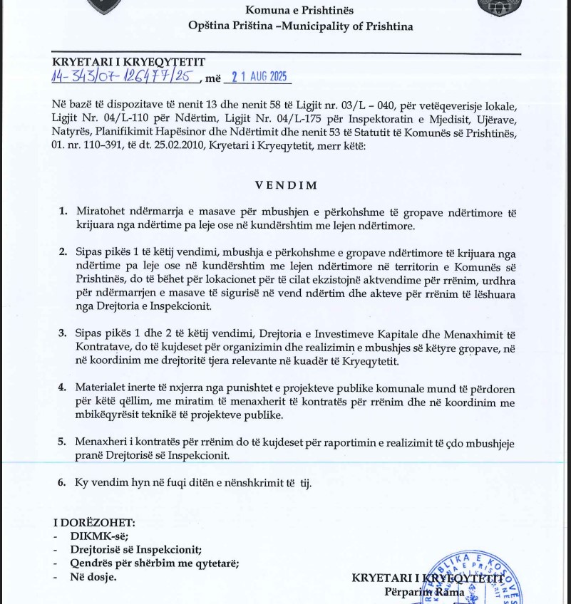 Komuna e Prishtinës ka nxjerrë një vendim të ri, i cili tregon më qartë se kurrë se kryeqyteti është i mbushur me ndërtime pa leje dhe gropa ndërtimore që rrezikojnë sigurinë publike. Në vend që të ketë rrënime të plota apo zgjidhje afatgjata, Komuna ka vendosur që këto gropa të mbushen “përkohësisht”, madje duke përdorur materiale inerte të nxjerra nga projektet publike.
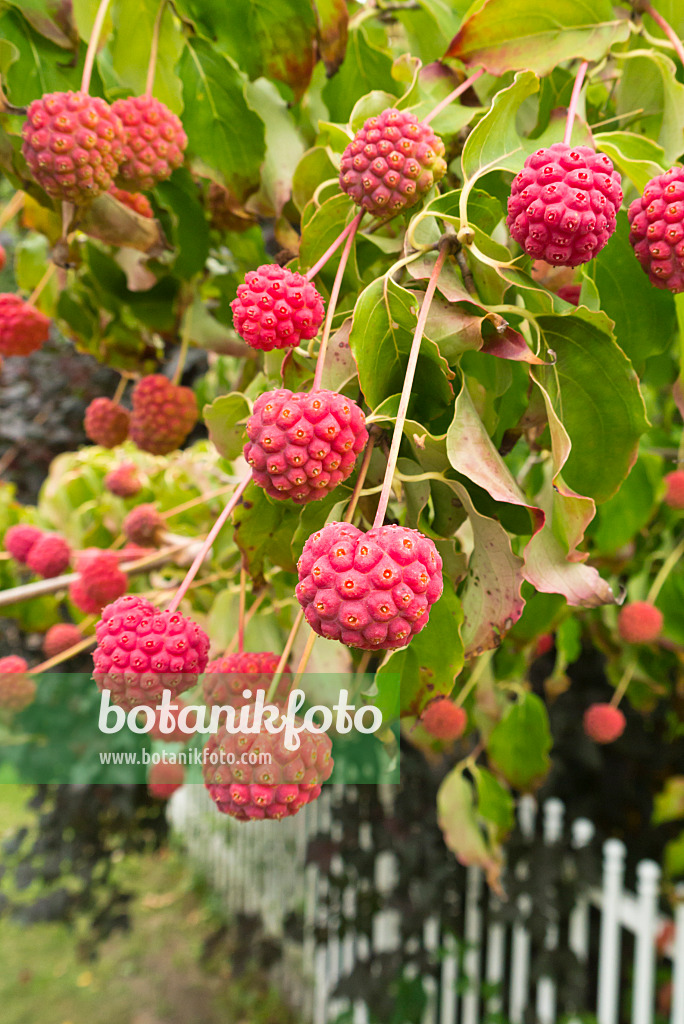 Cornus kousa, commonly known as Kousa Dogwood, is a small deciduous tree native to East Asia. It produces showy white or pink bracts in late spring, followed by edible red berries. The leaves turn vibrant red-purple in autumn. It prefers well-drained soil and partial shade. Resistant to dogwood anthracnose.
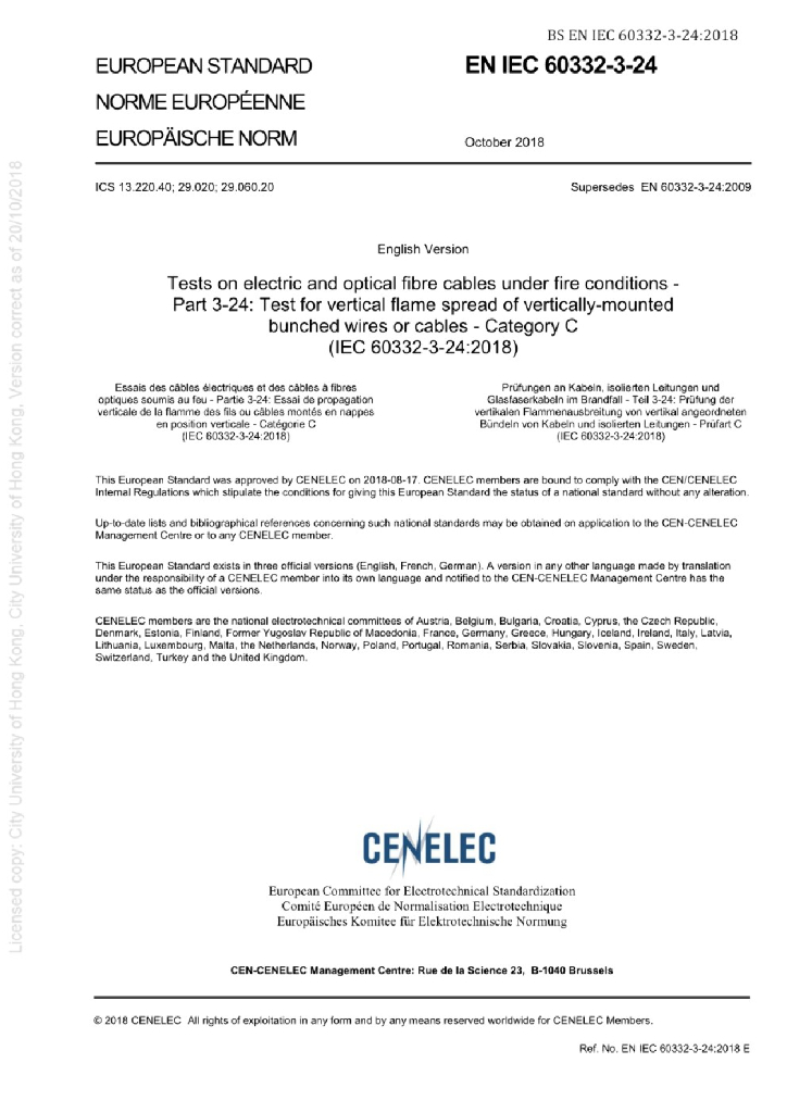IEC 60332-3-24:2018 电缆和光缆在火焰条件下的燃烧试验 第3-24部分 垂直安装的成束电线或电缆的垂直火焰蔓延试验 C类
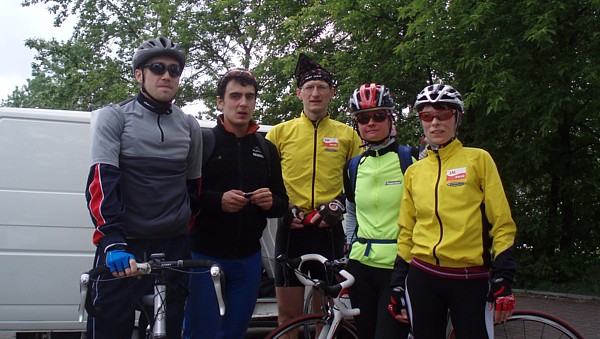 | Grupa po powrocie znad Zalewu. Od lewej: Pawe³, Kuba, Darek, Luiza i Renata (batterfly w tym czasie jeszcze jecha³a na rowerze) | |
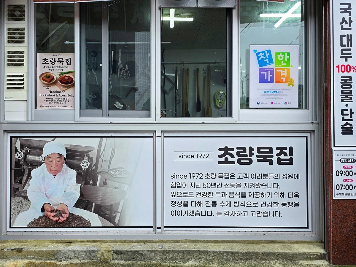 부산역 앞 초량전통시장 근처에 위치한 맛집 1972년초량묵집은 매일 오전 9시부터 저녁 7시까지 문을 연다. 단 매장 내 식사는 오전 11시부터 오후 3시30분까지만 가능하며, 나머지 영업시간 중엔 포장판매만 가능하다.
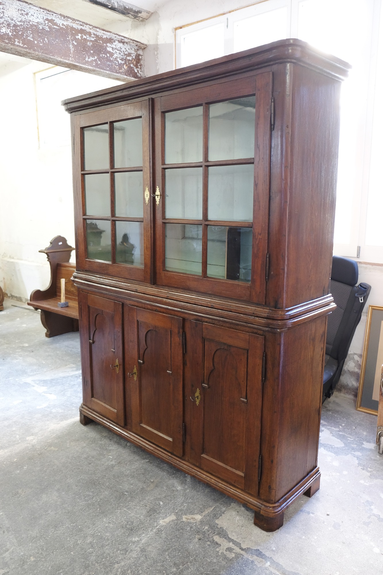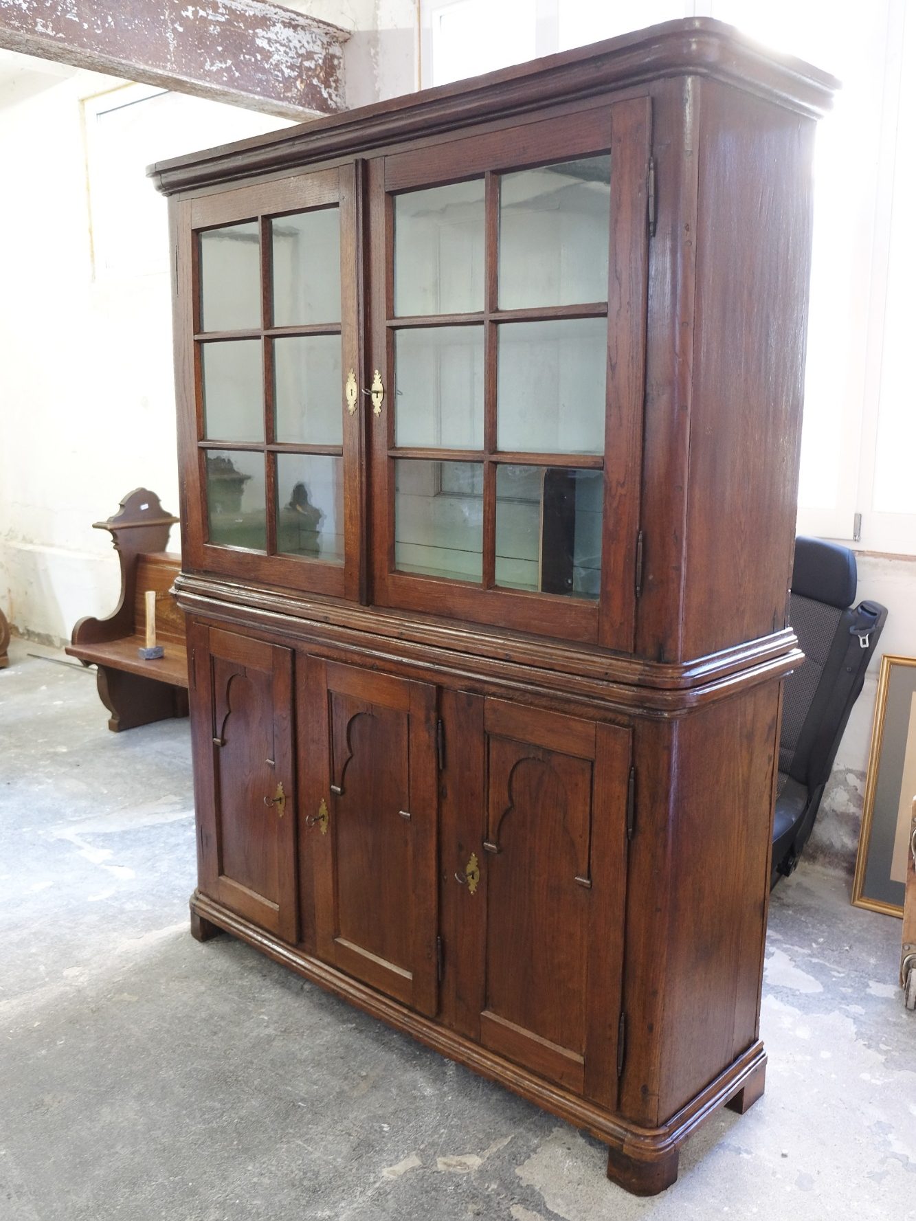 Küchenschrank mit Vitrinenaufsatz aus massivem Eichenholz

---+---

* **About this task**: Once you reach the line containing "rowerze) | |", print it and every line after it exactly, through the end of the entries, without any pictures.

* **Result of the task**:
 | Grupa po powrocie znad Zalewu. Od lewej: Pawe³, Kuba, Darek, Luiza i Renata (batterfly w tym czasie jeszcze jecha³a na rowerze) | |
 부산역 앞 초량전통시장 근처에 위치한 맛집 1972년초량묵집은 매일 오전 9시부터 저녁 7시까지 문을 연다. 단 매장 내 식사는 오전 11시부터 오후 3시30분까지만 가능하며, 나머지 영업시간 중엔 포장판매만 가능하다.
 Küchenschrank mit Vitrinenaufsatz aus massivem Eichenholz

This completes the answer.